Antonio Granata è stato protagonista del rinnovato debutto del modulo 4-2-3-1 nel derby di Foggia ed avrebbe potuto cambiare il destino del match di Avellino con la traversa timbrata: “Siamo arrabbiati “positivamente”. Non siamo usciti da Avellino con una brutta prestazione, anzi: abbiamo offerto la reazione giusta- commenta- Affrontare due trasferte di fila è complicato, soprattutto contro formazioni che stanno operando molto bene. Per noi deve essere uno stimolo in più il fatto che siamo reduci dalla sconfitta contro gli irpini con la consapevolezza intatta di essere un gruppo coeso, convinto e compatto. Dobbiamo solo portare avanti le idee della società, sviluppare e perfezionare i concetti del mister, ribadire la nostra identità, insistere sulla nostra strada.
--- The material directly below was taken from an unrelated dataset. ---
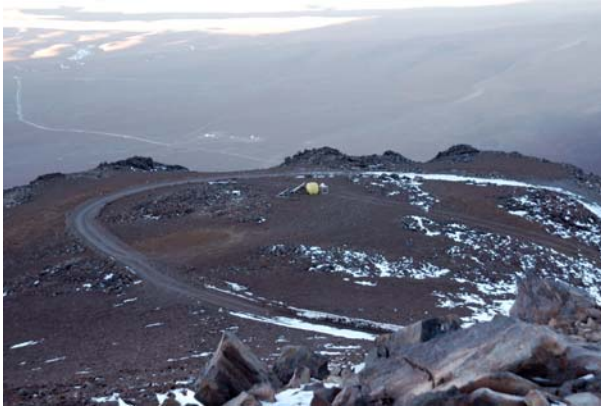
Fig. 2. View to the northeast over the CCAT site and meteorological equipment at 5612 m near the summit of Cerro Chajnantor. The existing ASTE and NANTEN2 telescopes are visible on the plateau 800 m below.

E provare a vincerle tutte! Il futuro ci rivelerà la nostra destinazione”. I rossoblu saranno di scena a Monopoli, contro una formazione organizzata e ricca di pedine interessanti, fra cui l’attaccante Starita, arroccatosi ai vertici della classifica marcatori: “Imposterà la manovra per vincere, confidando nel sostegno del pubblico – spiega Granata- Dall’altra parte però ci siamo noi: sappiamo che da Taranto ci sono tutti e ci aiuteranno in qualsiasi modo, anche solo col pensiero. Mi aspetto un avversario abbastanza cattivo, credo che l’incontro possa svilupparsi sul piano fisico. Abbiamo le qualità per dare fastidio”. “Siamo consapevoli che bisogna difendere tutti insieme, il sacrificio della linea degli attaccanti è essenziale- chiosa- La nostra squadra sta dimostrando di essere molto brava ad assimilare queste strategie. In ogni partita ci sono varie situazioni, vari periodi: dobbiamo essere concentrati, approcciare con le giuste indicazioni e garantire il massimo, intuendo ogni momento”.